そこで支部組合は、ポケットの検査を許せば更に以前のように下着類までにも検査が及んで行くことになる、ポケットの中に手を突込ませるのは所持品検査を通り越して身体検査になるとして危機感を抱き、その基本的方針として、各組合員に、途中精算には応じ業務上必要携帯品は提示すること、私物については各人の自主的判断に任せる、但し組合としては私物は提示義務はないものと考える、確認というポケットの中に手を突込ませることは不要である、との執行部見解をまとめて伝達した。当時の被告会社による所持品検査は、被検査者の着衣(上衣・ズボン)を手で触わり、ポケットは全て(上衣・ズボンについているポケットは全てで上衣の胸ポケット、内ポケットなども含まれる)が右確認の対象とされていたが、以後支部組合員は右組合の方針に従って各自その自主的判断でこれに臨んでいた。

他方、山労の態度は、所持品検査を廃止するためには乗務員がまず金銭を取扱わないとする方向から進めるべきであるとの基本方針から、ワンマンバスの自動両替器の設置等による現金取扱業務の分離を積極的に被告会社に要求していった。

(六)  昭和四六年の八月から一〇月にかけて、サン労(当時山労から名称変更)から支部組合に復帰したワンマンバスの運転手につき、被告会社が所持品検査における確認行為の拒否を理由に支部組合に同人の懲戒処分を提案したり、あるいは従前より被告会社と支部組合間で運転手への登用が問題となり又は配転の協定が結ばれていた同組合所属のバス車掌二名について右同様の理由から懲戒処分が提案されるなどして、支部組合員間の職場では会社に対し不満が生じていた。こうした中で同年一一月一八日、一二月七日及び昭和四七年三月三〇日の三回にわたって、前記二の2に認定のとおりの原告の本件確認行為拒否の事件が発生した。

なお被告会社における所持品検査の方法として、昭和四六年五月当時は被検査者のポケットの中に検査者が手を突込むあるいは着衣の上から手で触わる等の確認手段がとられていたが、これは被検査者の強い反撥を買ったことから、原告の右確認行為拒否があった当時は被検査者自身にポケットの中袋を裏返しさせるかあるいは着衣の上から触わる等の確認手段に変わっていた。

(七)  昭和四七年四月頃、支部組合は組合員が確認行為拒否を理由にたびたび補導課に呼出されることに抗議して、会社側と交渉を持った。
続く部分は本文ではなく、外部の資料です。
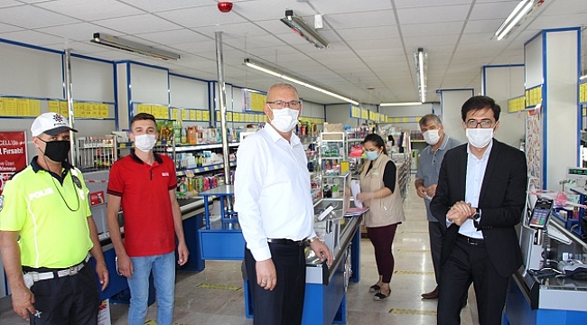 Koronavirüs Başmakçı Kaymakam Vekili Sayın Mesut COŞKUN, Başmakçı ilçesinde faaliyet gösteren işyerlerinde Covit 19 tedbirleri kapsamında ; maske, mesafe ve hijyen kuralları konusunda denetim yaparak, vatandaşlara uyarılarda bulundu.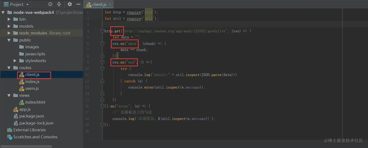 http.ClientRequest类 :这个属于客户端的类,是当我们的node.js服务需要嗲用第三方数据接口的时候,我们的服务就变成了客户端,第三方接口就变成了服务端,就需要这个类。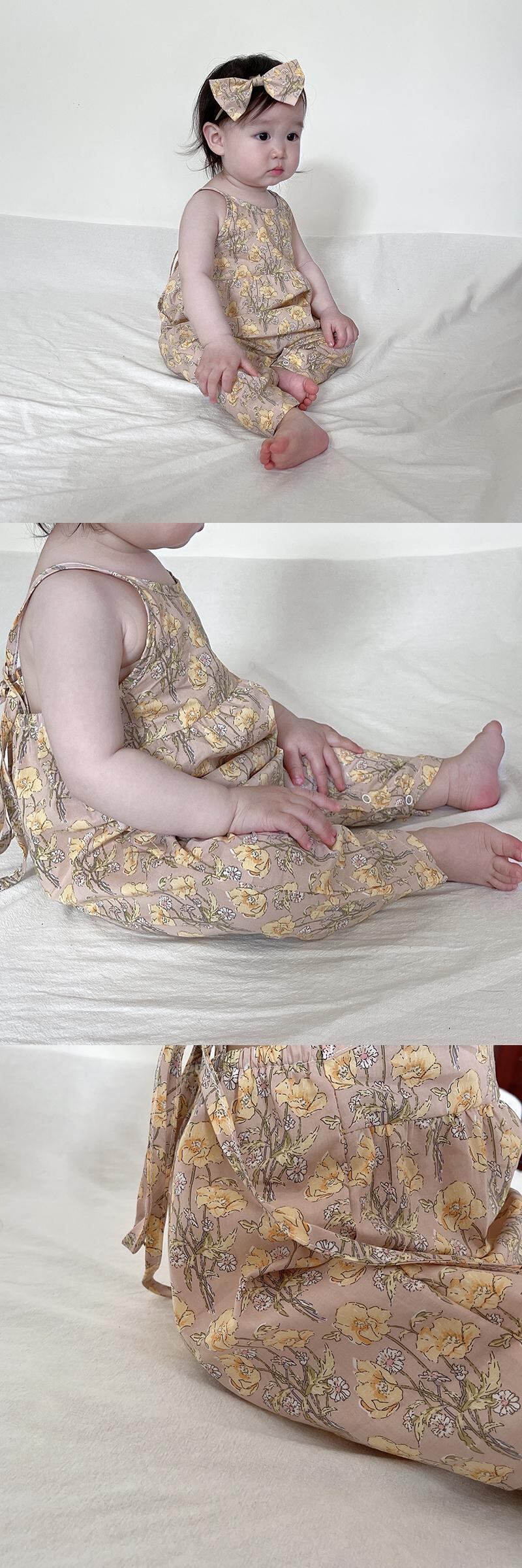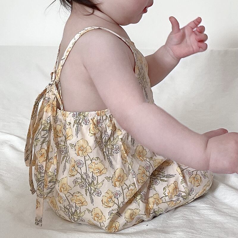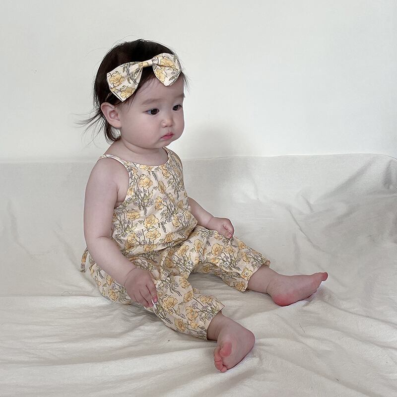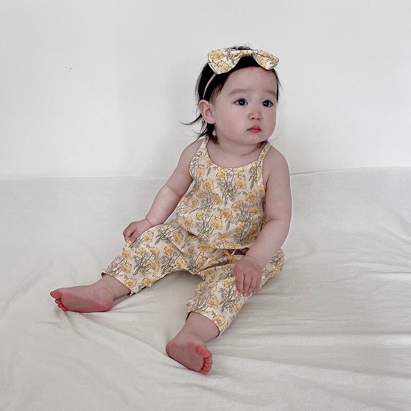 スタイルサマーフローラルロンパース オールインワン ヘアバンド コットン 夏物 花柄 5/26 mi0929195489361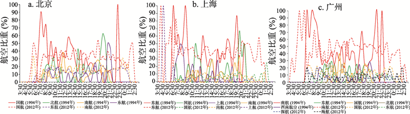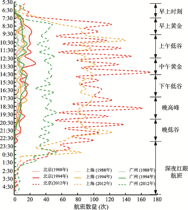 Fig. 3 Temporal structure at Beijing, Shanghai and Guangzhou airports in 1988, 1994 and 2012图3 1988年、1994年和2012年北京、上海和广州航班时刻结构 |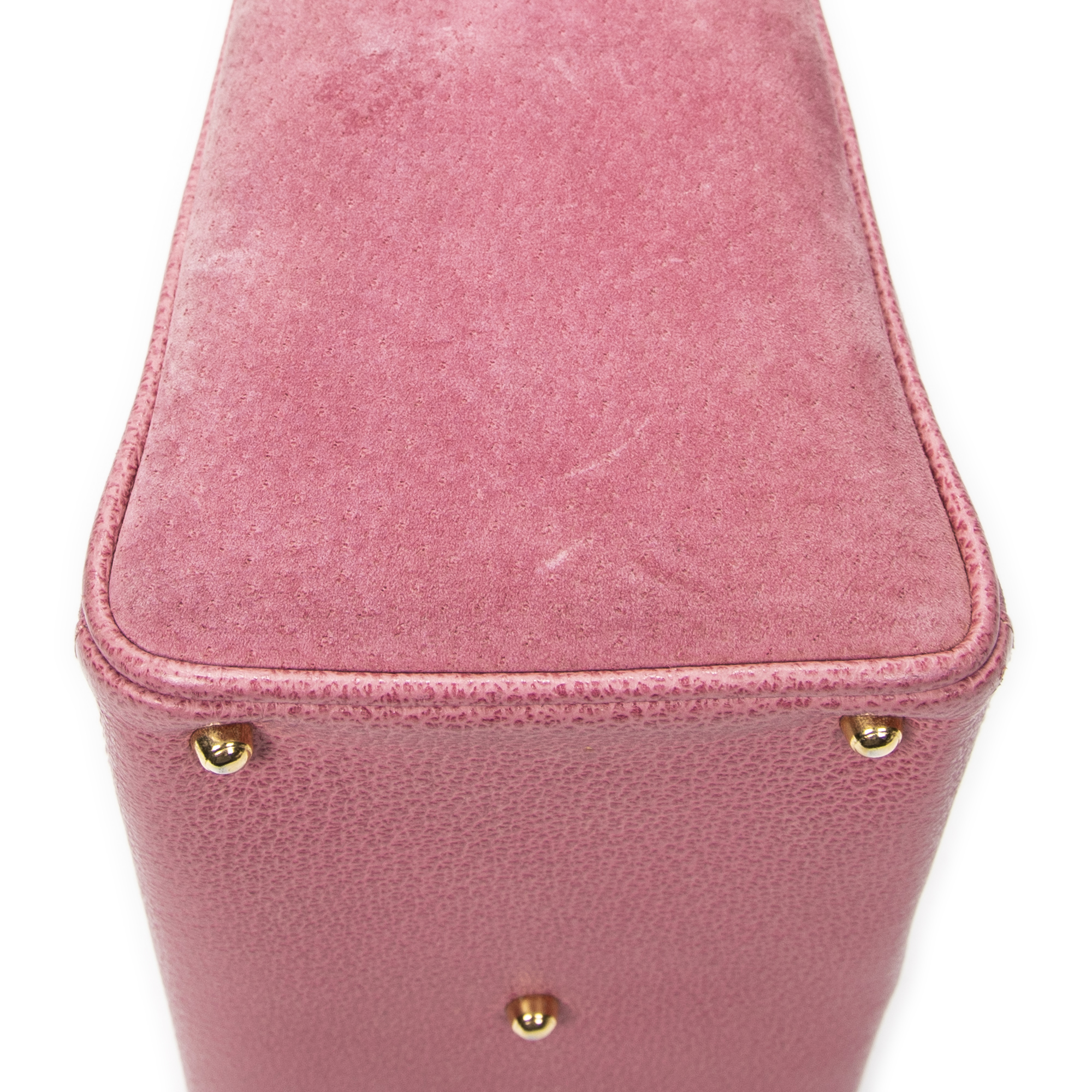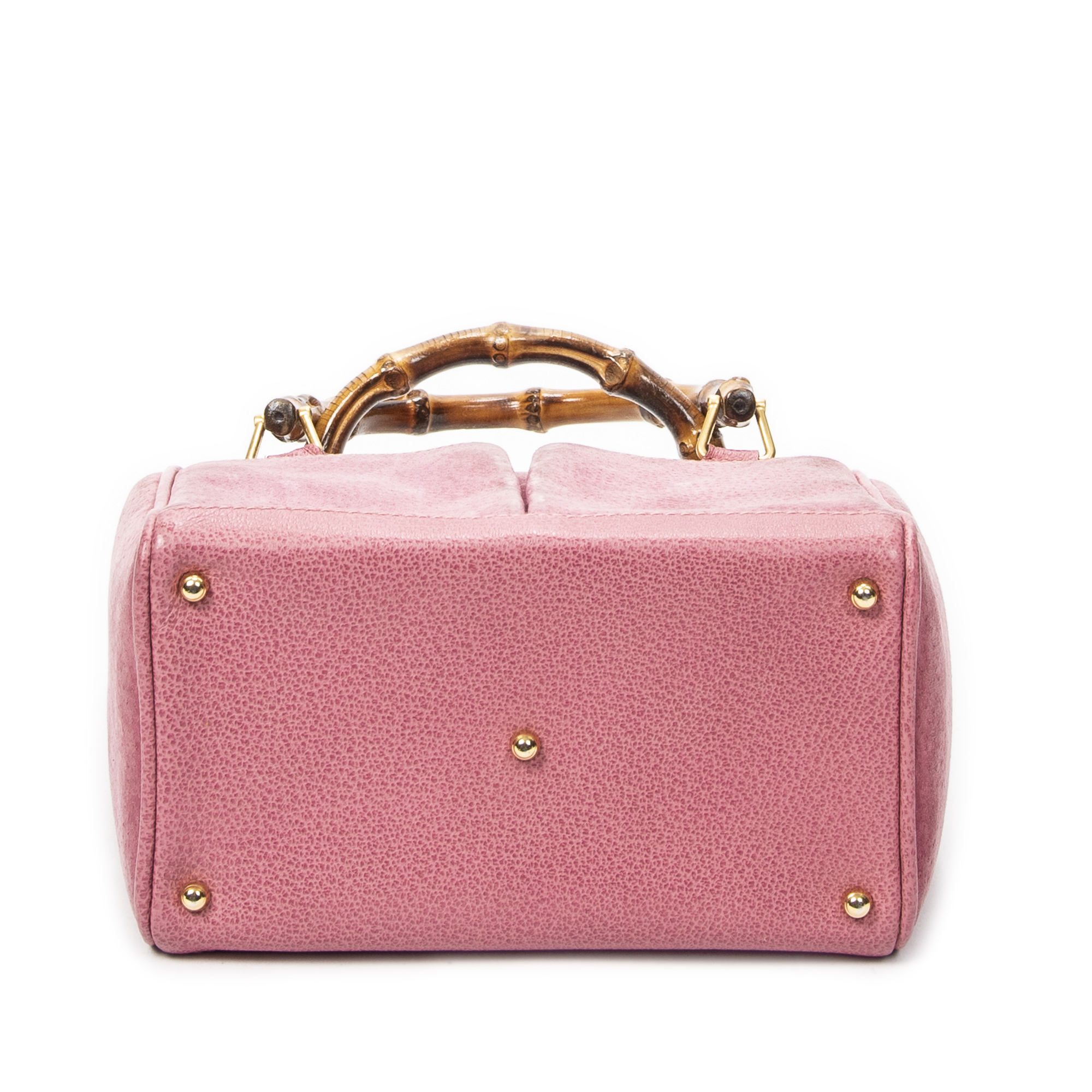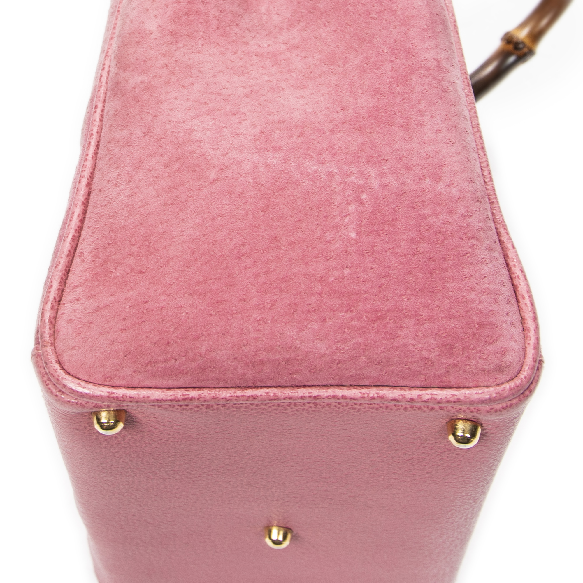 Gucci Shoulder Bag Vintage Small Bamboo Tote in Pink Suede Leather and Gold hardware. The product is in Very Good Condition (AB).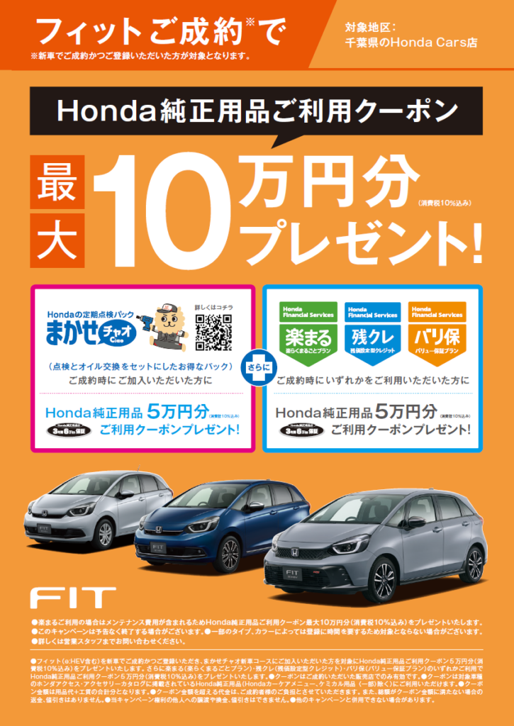 FITご成約時にまかせチャオご加入でHonda純正用品ご利用クーポン5万円分プレゼント!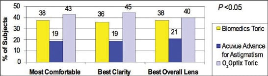 Forced Choice Outcomes At the final follow-up visit, subjects responded to a forced choice decision. When presented with a forced choice for the best performance in terms of comfort, vision clarity and overall best lens, Acuvue Advance for Astigmatism was the least preferred of the three designs evaluated (P<0.05). There were no statistically significant differences in preference between Biomedics Toric and O2Optix Toric. O2Optix Toric ranked highest most often in all categories, with Biomedics Toric a close second.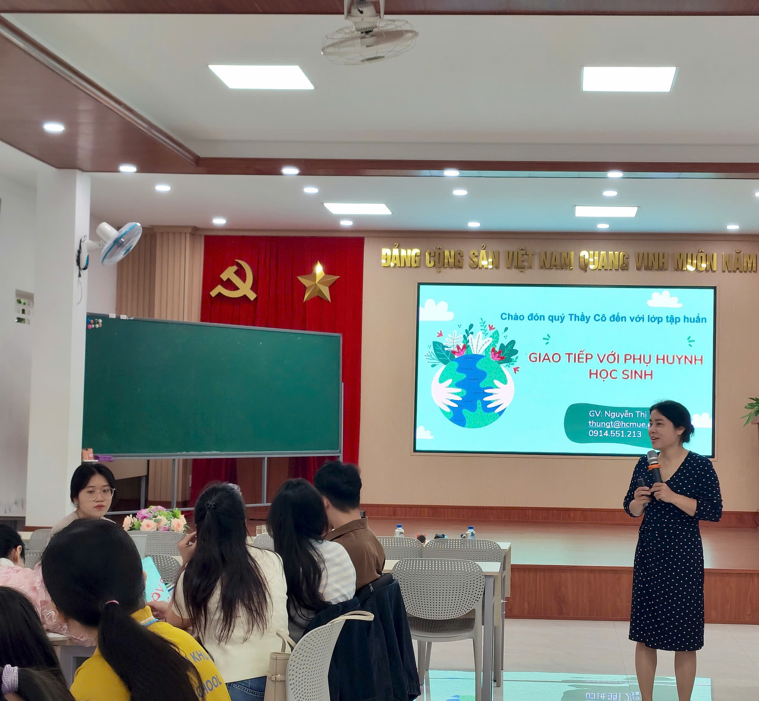 Buổi tập huấn tập trung vào những kỹ năng then chốt trong công tác giáo dục hiện nay: Kỹ năng lắng nghe và thấu hiểu học sinh nhằm nắm bắt nhu cầu, cảm xúc và hỗ trợ các em phát triển tốt nhất. Xây dựng mối quan hệ gắn kết với Cha mẹ học sinh, từ đó tạo nên cầu nối thân thiện và bền vững giữa gia đình – nhà trường – học sinh. Thực hành giao tiếp và xử lý tình huống trong giáo dục, giúp giáo viên thêm tự tin, linh hoạt và hiệu quả trong giảng dạy cũng như công tác chủ nhiệm.

席上、支部組合は、現在被告会社の行なっている所持品検査の方法は前記昭和四三年の乗務員規程二六条(心得)三号の改正に関する紙を貼付する前の規定と同様のことを実施しており、これは被告会社の就業規則に違反する(右乗務員規程も就業規則の一部であり、被告会社の行なっている検査方法は現行の同規定二六条の趣旨に違反する)と反論したが、被告会社の右田補導課長は、サン労からの抗議があったので検討したが、会社としても紙を貼る前の規定の表現に縛られてポケットだけしか検査できないとなったのでは都合が悪いから、何処でも調べることができる、つまり確認の方法として着衣を触わるかポケット中袋の裏返しをさせるかし、仮に不審な点があれば徹底的に調べ例えば裸にする場合もある、要するに所持品検査には安全地帯などないのだという考えの下に紙を貼った、会社の行なっているのは身体検査ではない、必ずしも外から触わるとかあるいはポケットに手を突込ませよとばかり言っておるのではない、自分の着衣を触わらせたくなければポケットの中袋を自らひっくり返して何もないことを明らかにすればよい等と答弁した。

その後昭和四七年一一月頃、被告会社は自動両替器を設置した車両の乗務員については当分の間私金所持の確認を見合わせるとして、ワンマンバス運転手に対する所持品検査を中断した。そして同年一二月末頃、サン労は自動両替器が全車両に設置された段階での所持品検査の完全廃止と乗務員規程二六条三号の削除を求めて被告会社に協議会設置の申入れを行なった。その後、小委員会等を設置して検討を続けたが、所持品検査の要否は現金取扱い業務に関する機械化の程度とバス乗務員のモラルの向上にかかっているとし、それが整わない以上右検査は必要悪の制度として存続も止むを得ないとする会社側と、現金取扱い業務を機械化し分離しさえすれば制度の廃止は可能だとするサン労との間に基本的な対立を生じている。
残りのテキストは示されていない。